Multimedia Junkee content to feature on screens across venues, universities and TAFEs
Outdoor business and owner of Junkee Media, Ooh Media, has announced the expansion of its youth publisher to a multi-channel youth content network.
It promises the resulting product will be the biggest of its kind in the country and provide advertisers with a new way to reach young Australians.
The Junkee Network will combine Junkee Media’s content platforms – Junkee, Punkee and AWOL – with Ooh’s out-of-home assets across venues and universities.
Junkee Media reaches 6.4m Australians with its content, according to Ooh Media and Facebook Insights, and will be positioned across more than 100 screens in universities and TAFE campuses across the country, reaching 1.2m students, as well as 220 social venues.

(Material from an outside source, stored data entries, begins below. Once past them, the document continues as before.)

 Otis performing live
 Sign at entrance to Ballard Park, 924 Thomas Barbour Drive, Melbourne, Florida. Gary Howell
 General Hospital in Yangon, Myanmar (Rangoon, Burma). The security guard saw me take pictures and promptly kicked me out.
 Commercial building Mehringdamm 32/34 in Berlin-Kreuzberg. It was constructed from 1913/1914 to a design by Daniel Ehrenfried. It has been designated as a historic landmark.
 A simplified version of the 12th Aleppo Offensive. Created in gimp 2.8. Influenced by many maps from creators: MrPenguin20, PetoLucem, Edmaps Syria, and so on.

Junkee co-founder and Ooh’s chief content, marketing and creative officer, Neil Ackland, said the network would combine scale and trust.

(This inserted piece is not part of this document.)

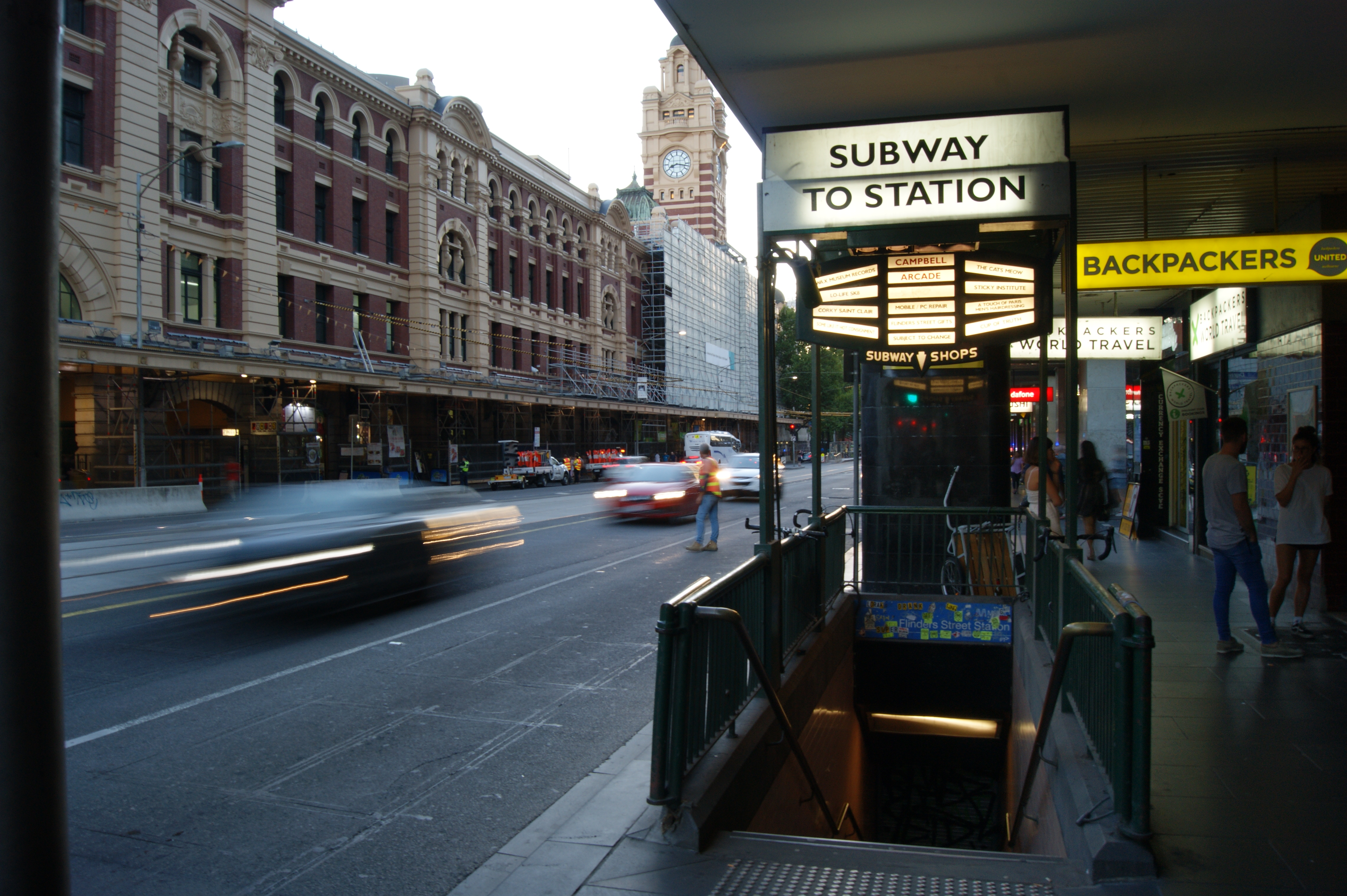 Subway to Campbell Arcade underpass viewed from Flinders Street
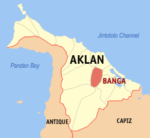 Map of Aklan showing the location of Banga

“We know that young Australians have a lot of trust in Junkee Media’s brands, so when you combine that with the ability to reach millennials and Gen Z at scale in the key locations they hang out in, Junkee Network will solve a lot of pain points for marketers,” said Ackland.

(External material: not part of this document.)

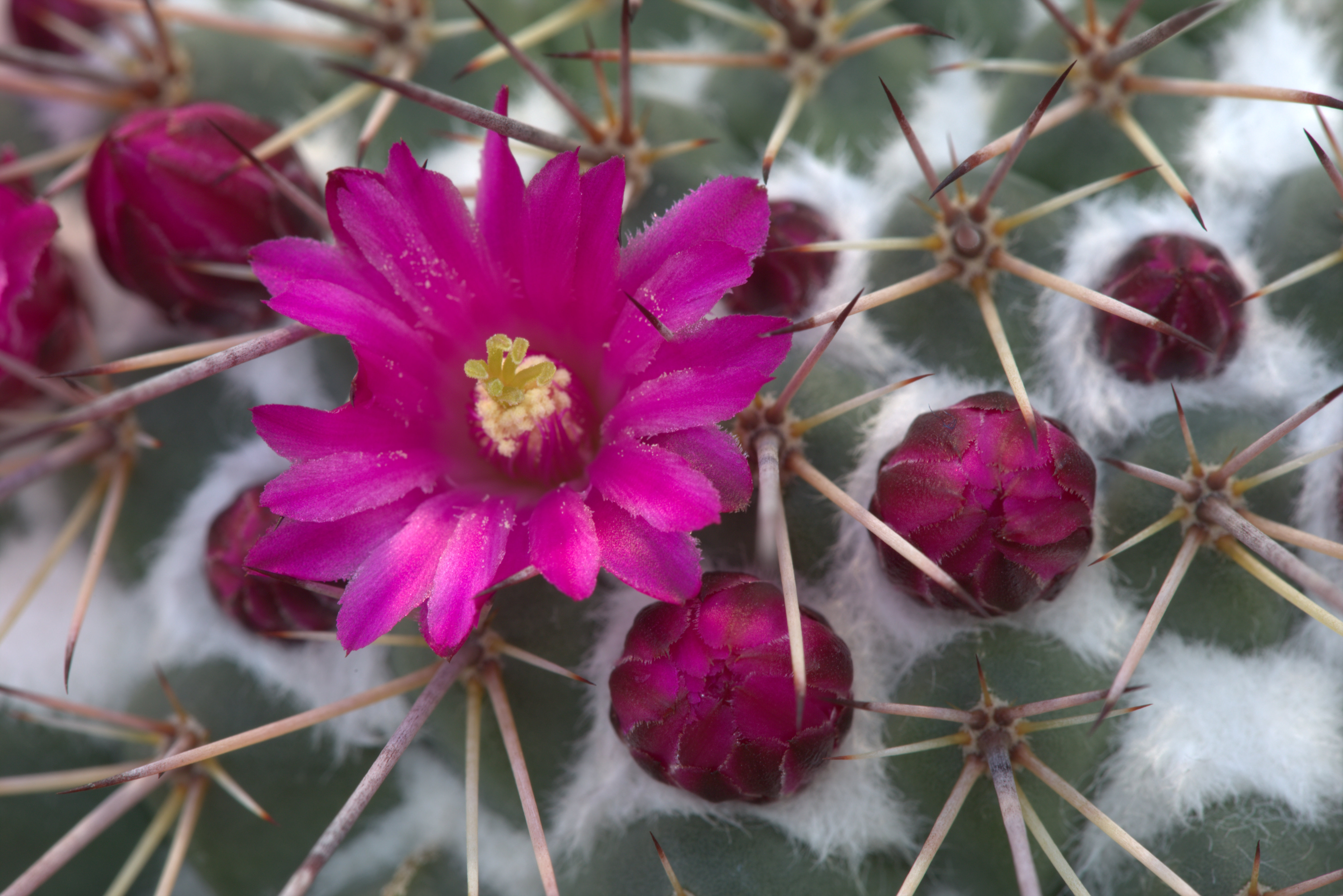 Mammillaria hertrichiana in Gotehenburg Botanical Garden in 2015. Plant id: 2009-1027 s Z -- Zür. Sukk.
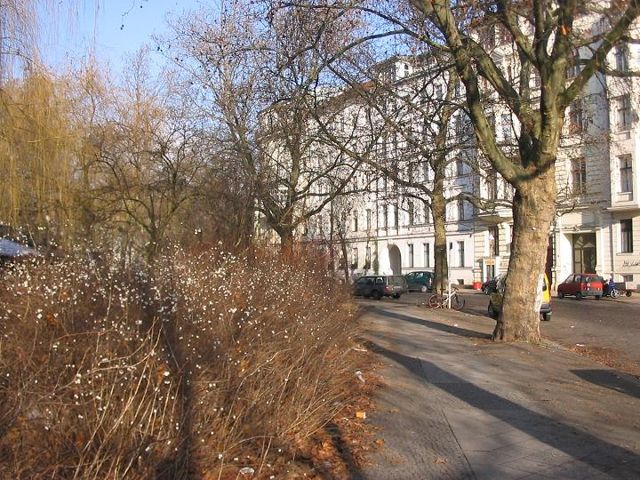 Wassertorplatz („Water-gate-place“ :-)) in Berlin-Kreuzberg. Place at „Erkelenzdamm“ with buildings by wilhelminian style.

“The future of the out-of-home industry is to continue to evolve to be audience-first, using the smart data capabilities we now have about who those audiences are and what they do.
“We really believe the Junkee Network will be a game-changer for brands to reach young Australians no matter where they are, online or in the real world, in a simple, cost-effective and targeted way.”
The network will use Ooh’s Smart Reach capabilities which utilise data gathering and analysis to help brands target their intended audiences and optimise campaigns.
Ooh Media merged Junkee into its creative and marketing team in May as part of a restructure following some COVID-19 cuts and stand downs.
Outgoing Ooh Media CEO Brendon Cook said shortly after the outdoor company’s acquisition of Junkee in 2016 that the long-term plan was the utilise the youth publisher’s content across its outdoor properties.
Junkee and Ooh have partnered on several outdoor campaigns recently. Junkee also won a pitch in early 2020 for the Netflix ANZ social and content account.
It’s sad to see that Junkee are fabricating their audience numbers so blatantly. Last month’s Nielsen Digital Content Ratings measured Junkee’s audience at roughly 750k Australians. How on earth do they justify inflating that number by almost tenfold to 6.4 million? And why does Mumbrella publish ridiculously misleading and unaudited audience figures?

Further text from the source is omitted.